Mundo J, Peris P, Monegal A, Navasa M, Cervera R, Guañiabens N
Service of Rheumatology, Hospital Clinic, IDIBAPS, University of Barcelona, Barcelona, Spain.
Lupus. 2006;15(5):304-7. doi: 10.1191/0961203306lu2301cr.

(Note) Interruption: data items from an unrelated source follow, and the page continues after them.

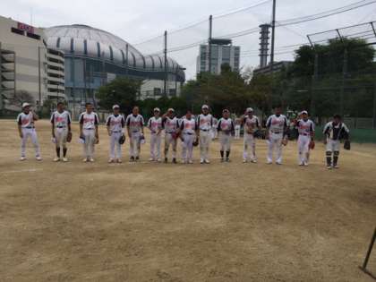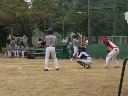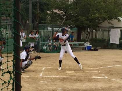 蒸し暑い中でも、九条南小学校PTAソフトボールチームの選手の皆さんは元気です。2回戦もパワー炸裂。ホームランあり、長打のヒットあり、スライディングありで大勝でした。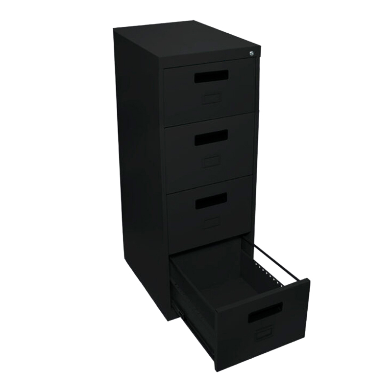 Archivero metálico vertical fabricado con lamina de acero rolada en frio calibre 24 SAE 10-08 de primera calidad. Fabricado en serie bajo medidas estándar. El cuerpo y las gavetas son ensamblados mediante soldadura por resistencia. Las gavetas se abren y cierran por medio de dos correderas metálicas de extensión.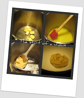 You melt together 100grams of unsalted butter with 200 ml of water and 25 ml of water. When the butter has melted and the liquid comes to a boil, take it off the heat. Then dump in 150 grams of plain flour, a pinch of sugar and a pinch of salt all at once.
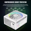 Повністю модульний блок живлення GameMax RGB 750G WH • Ефективність, сертифікована 80+ Gold: Досягає ефективності 90% або вище за типових навантажень, забезпечуючи нижче енергоспоживання, знижений шум та охолодження. • 140-мм вентилятор ARGB із синхронізацією: Забезпечує яскраві світлові ефекти та підтримує синхронізацію з материнськими платами ASUS, GIGABYTE, MSI та ASRock RGB для налаштування підсвічування. • Повністю модульна конструкція: 100% бездротове внутрішнє розташування друкованої плати усуває безлад кабелів для покращеного повітряного потоку та естетики. • Підвищена стабільність та надійність: Потужна одинарна лінія +12 В з високоякісними японськими конденсаторами забезпечує стабільне живлення відеокарт та компонентів ПК. • Розширений захист та надзвичайно тиха робота: Включає захист OPP/OVP/UVP/SCP/OCP/SIP у поєднанні з надзвичайно тихим 140-мм вентилятором для оптимального охолодження та мінімального шуму.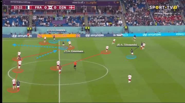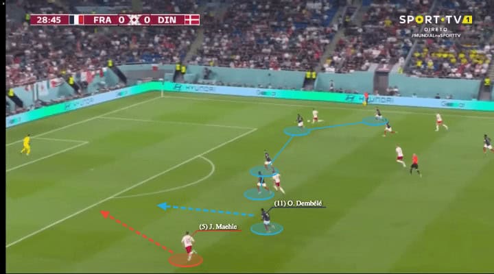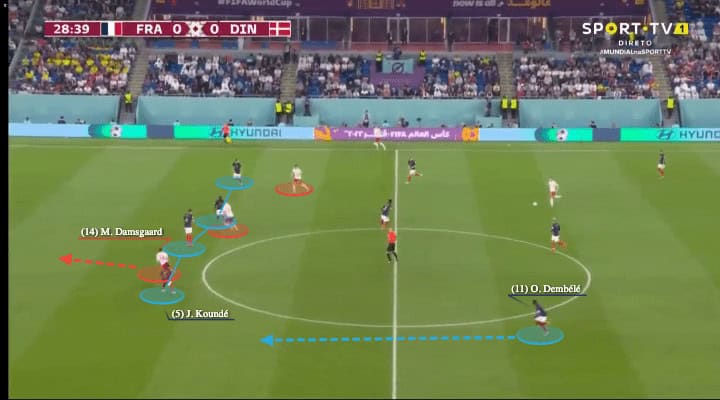 In this scenario, we saw Denmark attacking with a narrow front three again, but France were able to use offside to control the runs of Damsgaard and Cornelius, but you could see the effect of those efforts was to draw Koundé into a narrower position. Here, we also marked Dembélé’s starting position as a winger and now he came back to defend for his team.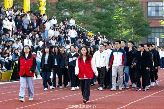 第五方阵为传播与传媒学院方阵,雄心壮志在,少年当勇猛,挥洒汗水展雄风,青春辉煌展未来。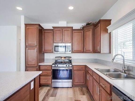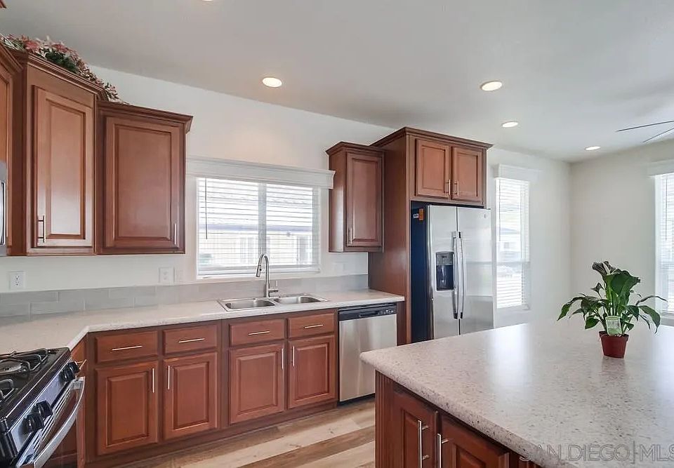 55+ Community. Open floor plan, vinyl wood flooring, and large windows throughout. High 9' flat ceilings. Central Heat & AC. Large kitchen w/center island, stainless steel appliances, large dining room & laundry room that fits full washer/dryer. Close beaches, downtown, and central San Diego.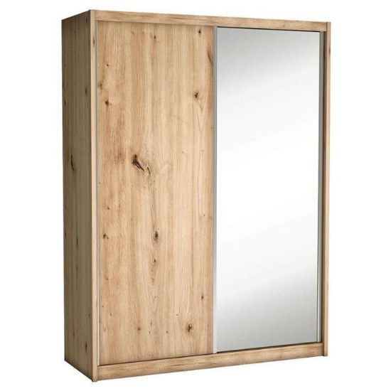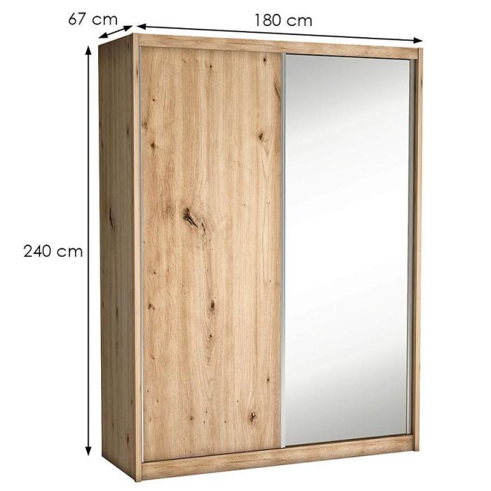 Szafa w kolorze dąb artisan z serii Maciej to doskonała propozycja do pokoju dziennego, ale znajdzie swoje miejsce również w innym pomieszczeniu, jak na przykład - przedpokój czy garderobie, sypialni. Materiał wykonania to płyta laminowana. Szafa posiada półki, drążek na ubrania oraz szuflady, a także lustro, które sprawi, że pomieszczenie stanie się optycznie większe. Mebel będzie świetnym miejscem do wieszania ubrań, na buty lub inne domowe tekstylia. Styl mebli wpadnie do gustu każdemu, kto poszukuje eleganckiego, klasycznego, a zarazem nowoczesnego umeblowania. Idealnie wpasuje się w większość aranżacji. Szafa przeznaczona do samodzielnego montażu.

We describe the case of a 31-year-old man who presented with an antiphospholipid syndrome (APS), which manifested as multifocal avascular necrosis (AVN) one year after orthotopic liver transplantation. The patient developed multiple AVN affecting hips, left knee, humerus and tarsal bones just after withdrawal of corticosteroid therapy. Three years later when lupus anticoagulant was detected, he began anticoagulant treatment and no further AVN episodes were observed. It is important to be aware of this clinical manifestation of APS, especially in these cases where it can be easily overlooked because of corticosteroid therapy.
我们描述了一名31岁男性的病例,该患者患有抗磷脂综合征(APS),在原位肝移植一年后表现为多灶性无血管性坏死(AVN)。患者在停用皮质类固醇治疗后不久就出现了影响髋部、左膝、肱骨和跗骨的多处AVN。三年后检测到狼疮抗凝物时,他开始接受抗凝治疗,此后未再观察到AVN发作。认识到APS的这种临床表现很重要,尤其是在因皮质类固醇治疗而容易被忽视的情况下。